# Octopus — Design Philosophy

Eight principles behind the project. Every decision reduces back to one or
more of these. Two implementation tactics live further down — they're useful
to name but they aren't load-bearing principles.

> A note on the count. An earlier draft had six principles and demoted RALPH
> and the Markov pattern to "implementation tactics." Both belong as
> first-class principles: RALPH because it's the *only* control structure in
> the system (every stage, every daemon tick, every heal action is a RALPH
> iteration), and Markov state propagation because it's the contract that
> keeps context bounded across all of those iterations. They are distinct
> axes — RALPH is control flow, Markov is state shape — so they get separate
> slots rather than being folded together. "Minimal harness" stays separate
> from RALPH for the same reason: minimalism is an architectural value about
> what *not* to put in Python; RALPH is the loop shape itself.

---

## 1. Prompts as protocol

The `protocol/*.md` files are the product. They describe *what to do*; the
agent writes *how to do it* at install time, on the specific machine in front
of it. Specs are markdown — written in English with just enough structure for
an LLM to parse output paths and success conditions.

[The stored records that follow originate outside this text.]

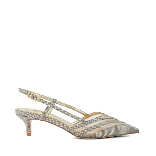 Taking style cues from the runaways, our kitten-heeled profile takes the classic slingback court and updates the look for the season with a scene-stealing combination of see-through mesh and diamante embellishments for a look that truly sparkles. Finished with a side buckle for the ideal fit and our signature branding.
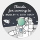 Merci à l'anniversaire de l'espace extra-atmosphérique des autocollants mettant en vedette un astronaute sur la lune, une fusée, des étoiles et un modèle de texte moderne facile à personnaliser.
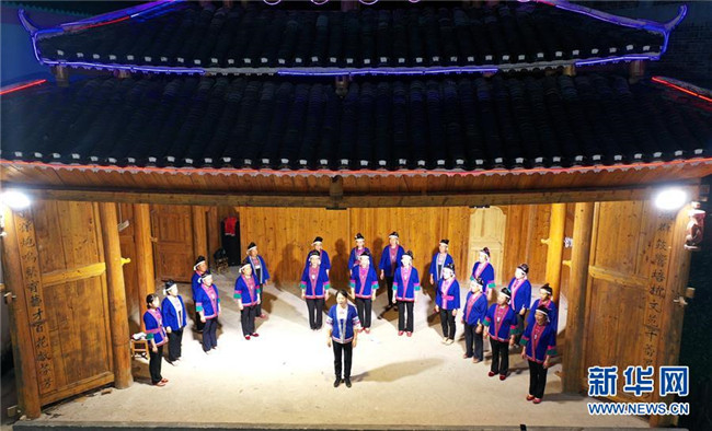 5月27日晚,在廣西柳州市三江侗族自治縣良口鄉(xiāng)燕茶村,吳純娟(前排中)與村民在戲臺(tái)上排練侗族大歌(無(wú)人機(jī)拍攝)。
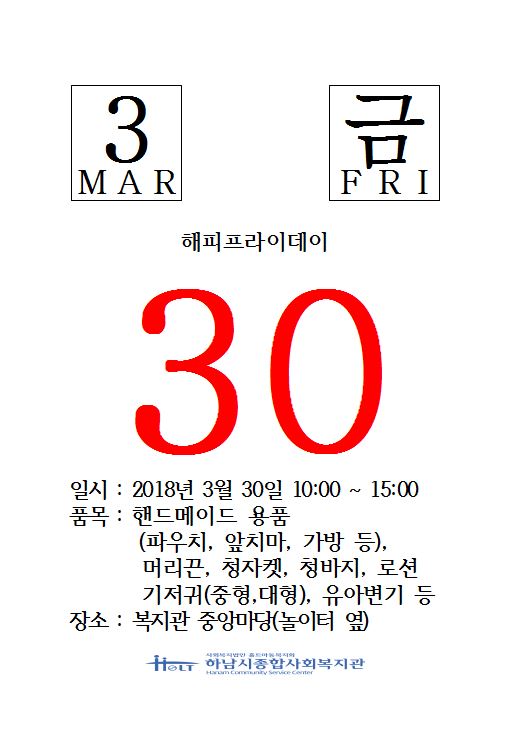 2018년 3월 해피프라이데이 진행 작성일 : 2018.03.15 | 조회수 : 12436 지역사회 저소득 가정 지원 사업비 마련을 위한 해피프라이데이 상설매장을 실시합니다 - 다 음 - 1. 일시 : 2018. 3. 30(금) 10:00~16:00 2. 장소 : 복지관 1층 중앙마당 많은 관심과 참여 부탁드립니다.
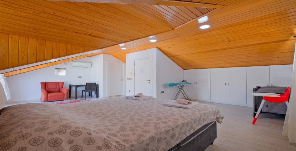 1. Yatak Odası : Süit oda, 1 adet çift kişilik yatak, elbise dolabı, komodin, klima, banyo ve tuvalet bulunmaktadır.
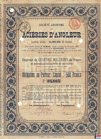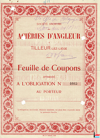 ![]() Obligation au porteur de la Société Anonyme des Aciéries d'Angleur, Tilleur-lez-Liège - 1894 - Feuille de coupons (Collection: industrie.lu) Capital: 500 fr Emprunt de 4.000.000 fr en 8000 obligations de 500 fr |
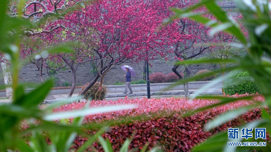4月3日,一名游客冒雨在河南省開封市環(huán)城墻公園賞景。
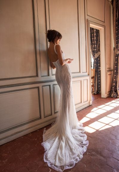 The Athena gown is adorned with elegant pearls from neckline to hem. This style features a vertical beadwork pattern, a strikingly low back, and a feminine, form-fitting silhouette. Chic and modern, this streamline gown is ideal for the sophisticated and fashion-forward bride.
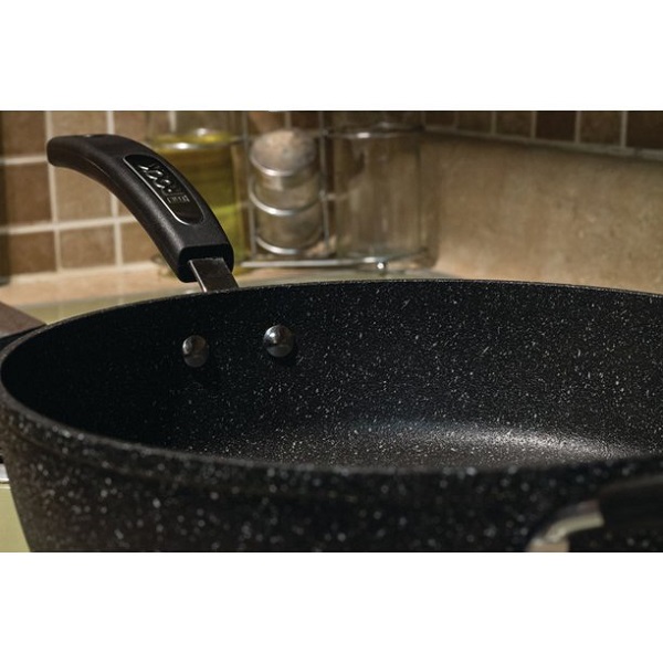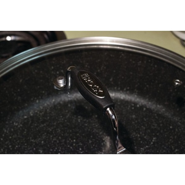 The Rock by Starfrit 11″ Deep-Fry Pan With Lid & Bakelite Handles is beautiful, durable, and nonstick cookware that is sure to become a staple in your kitchen. The Starfrit The Rock 11 in. Deep Fry Pan features a Bakelite handle and a patent-pending Rock.Tec manufacturing process for maximum durability and ease. It is easy to clean and ovenproof up to 350deg , even with the broiler on, making it ideal for cooking versatile, complex dishes. Whether you are completely new to the kitchen or a highly experienced cook, the Starfrit Fry Pan will quickly become a favorite kitchen tool.

This is the foundational move: every other principle assumes specs-as-code is
the working frame. Specs don't rot across platforms (Mac, Linux, Windows WSL) or
across models (GLM, Claude, Kimi, Gemini) because the *implementation* is
re-derived per machine. A shell script that calls `lsusb` works on Linux but
not BSD; a spec that says "enumerate every connected USB device" works on
both, because the agent picks the right tool for the OS it's running on.

What this rules out: device manifests, hardcoded driver registries,
platform-specific Python, and "if device == 0x1a86" conditionals (see #5).

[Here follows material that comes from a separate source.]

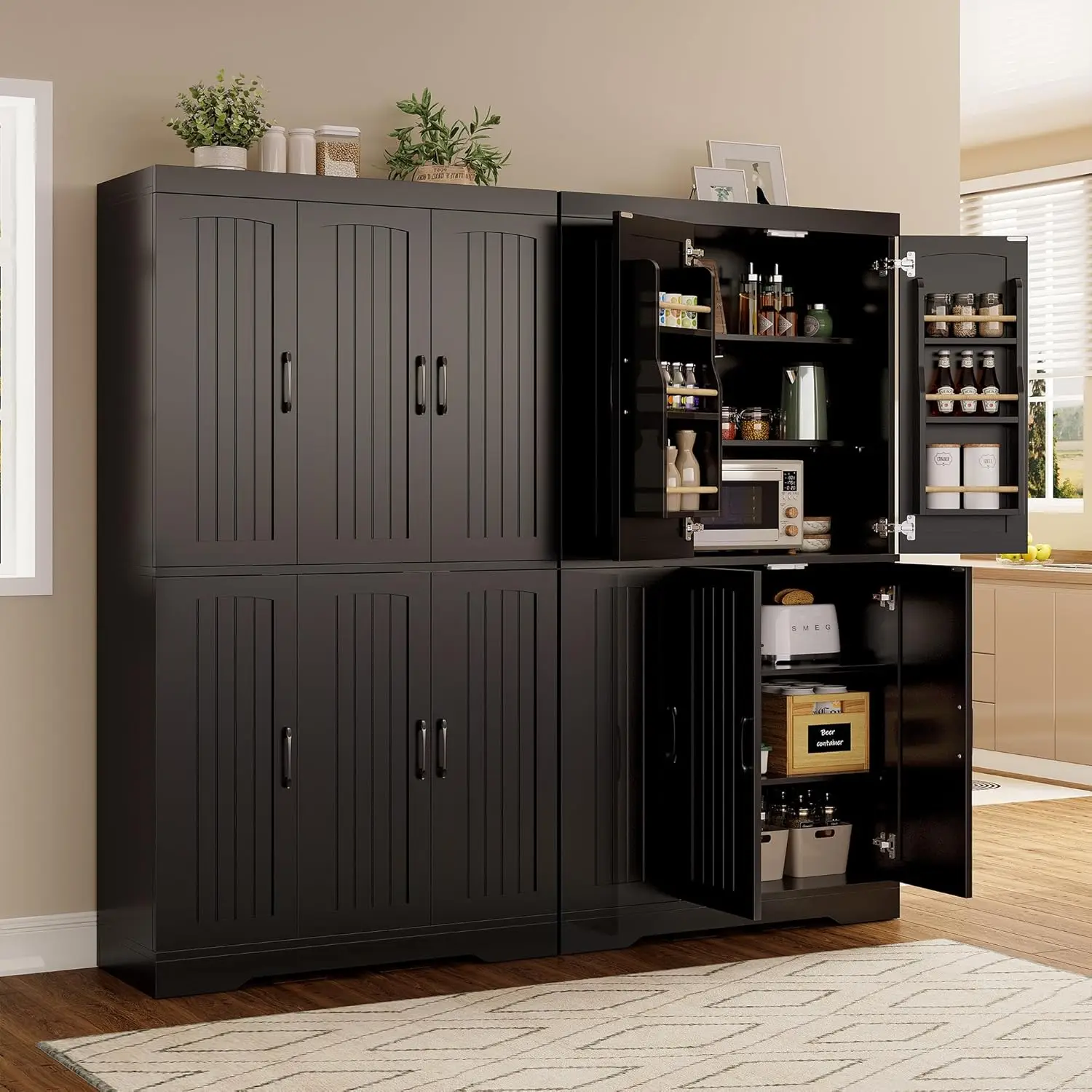 IRONCK Kitchen Pantry Storage Cabinet, Modern Food Pantries with 12 Shelves, 2 Door Racks, Adjustable Shelves for Kitchen

## 2. Self-reference with two faces

Octopus is self-referential in two distinct ways. They share a conceptual
shape (the system observes itself) but they're independent mechanisms — don't
conflate them.

**Software self-editing.** Failed pipeline stages are permitted to rewrite the
spec that governs them on retry. The watch/heal daemon tails the generated
server's logs, reasons about its own health, and self-heals on degradation
(missing dep, server crash, broken tool). Pure software; works headless on any
platform; has nothing to do with cameras.

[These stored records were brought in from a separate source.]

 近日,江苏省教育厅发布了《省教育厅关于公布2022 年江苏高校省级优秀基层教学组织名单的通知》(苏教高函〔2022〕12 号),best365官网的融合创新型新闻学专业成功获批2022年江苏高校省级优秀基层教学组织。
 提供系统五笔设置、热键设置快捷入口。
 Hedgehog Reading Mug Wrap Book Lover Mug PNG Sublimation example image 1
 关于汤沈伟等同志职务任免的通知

**Hardware self-perception.** When the platform has a camera, the system gives
itself a *mirror* — the perceive step generates a thin capture bridge so one
peripheral can observe the others. The agent maintains a Markov visual state
(current frame, previous frame, rolling text summary — a specific instance of
the general pattern in #8) so it can verify its own physical actions. A
demo-specific design choice we find compelling in its own right
(self-referential robotics).

The first face is what makes the daemon *adaptive*. The second face is what
makes the demo *closed-loop*. They are related (both look at the system from
inside the system) but they live at different layers and have different
prerequisites.

## 3. Privileged framework steps

The general pipeline (probe → identify → interface → serve → deploy) stays
device-agnostic. When a piece of hardware is demo-critical and benefits from
curated context, we add a *privileged framework step* (`protocol/perceive.md`,
`protocol/arm.md`) that runs *after* the general pipeline and *only* if that
hardware is discovered.

This names the messy compromise rather than pretending it doesn't exist.
"Hardware-agnostic" was always aspirational; what's actually true is
"device-agnostic for the general path, with privileged hooks for hardware we
care about." The hooks are explicit, scoped, and gated on presence — so a
fresh install on a machine without an arm doesn't drag in arm-specific specs.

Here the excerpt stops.